**WHAT THE TASK REQUIRES**
Once you find the line with "Wypełnienie leża stanowi" in the data below, transcribe exactly each line from there to the line with "ยังเป็นปริศนา! กรณีพ่อแม่ลูก 4", inclusive, and nothing else. Drop the pictures.

*** Opening of SOURCE INFORMATION ***

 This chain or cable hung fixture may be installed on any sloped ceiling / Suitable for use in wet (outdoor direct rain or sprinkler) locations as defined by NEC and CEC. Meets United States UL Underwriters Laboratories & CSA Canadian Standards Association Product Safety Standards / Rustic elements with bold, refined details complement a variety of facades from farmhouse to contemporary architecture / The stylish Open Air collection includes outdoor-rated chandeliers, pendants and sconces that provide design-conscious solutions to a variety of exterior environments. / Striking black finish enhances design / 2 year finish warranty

*** Close of SOURCE INFORMATION ***
*** Opening of SOURCE INFORMATION ***

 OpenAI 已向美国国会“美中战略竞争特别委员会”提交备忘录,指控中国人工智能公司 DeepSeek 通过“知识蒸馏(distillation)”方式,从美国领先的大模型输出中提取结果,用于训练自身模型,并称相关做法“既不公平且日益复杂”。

*** Close of SOURCE INFORMATION ***
*** Opening of SOURCE INFORMATION ***

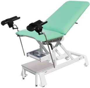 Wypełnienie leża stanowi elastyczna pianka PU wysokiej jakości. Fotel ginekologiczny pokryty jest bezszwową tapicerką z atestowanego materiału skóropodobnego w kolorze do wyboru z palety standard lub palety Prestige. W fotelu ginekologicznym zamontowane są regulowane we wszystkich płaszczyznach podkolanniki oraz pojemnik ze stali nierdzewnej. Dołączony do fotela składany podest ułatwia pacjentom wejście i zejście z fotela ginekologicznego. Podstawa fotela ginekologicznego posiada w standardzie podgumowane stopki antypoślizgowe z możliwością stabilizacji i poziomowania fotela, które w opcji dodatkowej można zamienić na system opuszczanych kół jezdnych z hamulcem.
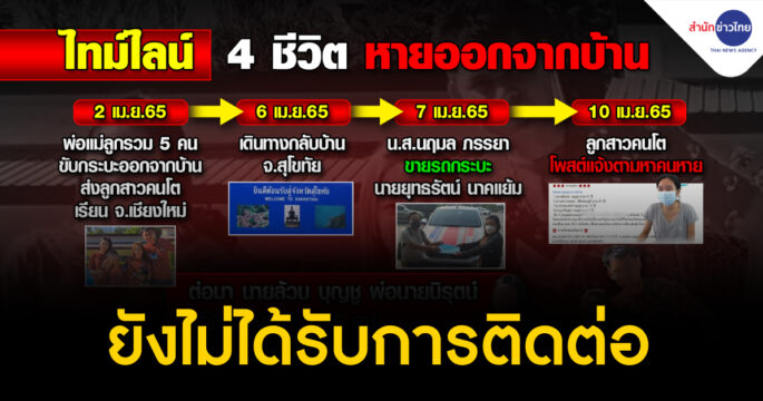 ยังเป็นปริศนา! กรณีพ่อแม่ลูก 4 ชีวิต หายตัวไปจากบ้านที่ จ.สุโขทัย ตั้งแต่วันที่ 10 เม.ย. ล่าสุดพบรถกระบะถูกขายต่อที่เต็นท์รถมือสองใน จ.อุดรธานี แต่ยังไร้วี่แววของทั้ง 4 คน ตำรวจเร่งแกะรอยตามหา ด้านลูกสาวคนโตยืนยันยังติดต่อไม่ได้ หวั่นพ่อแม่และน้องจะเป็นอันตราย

*** Close of SOURCE INFORMATION ***

**RESPONSE BELOW**
 Wypełnienie leża stanowi elastyczna pianka PU wysokiej jakości. Fotel ginekologiczny pokryty jest bezszwową tapicerką z atestowanego materiału skóropodobnego w kolorze do wyboru z palety standard lub palety Prestige. W fotelu ginekologicznym zamontowane są regulowane we wszystkich płaszczyznach podkolanniki oraz pojemnik ze stali nierdzewnej. Dołączony do fotela składany podest ułatwia pacjentom wejście i zejście z fotela ginekologicznego. Podstawa fotela ginekologicznego posiada w standardzie podgumowane stopki antypoślizgowe z możliwością stabilizacji i poziomowania fotela, które w opcji dodatkowej można zamienić na system opuszczanych kół jezdnych z hamulcem.
 ยังเป็นปริศนา! กรณีพ่อแม่ลูก 4 ชีวิต หายตัวไปจากบ้านที่ จ.สุโขทัย ตั้งแต่วันที่ 10 เม.ย. ล่าสุดพบรถกระบะถูกขายต่อที่เต็นท์รถมือสองใน จ.อุดรธานี แต่ยังไร้วี่แววของทั้ง 4 คน ตำรวจเร่งแกะรอยตามหา ด้านลูกสาวคนโตยืนยันยังติดต่อไม่ได้ หวั่นพ่อแม่และน้องจะเป็นอันตราย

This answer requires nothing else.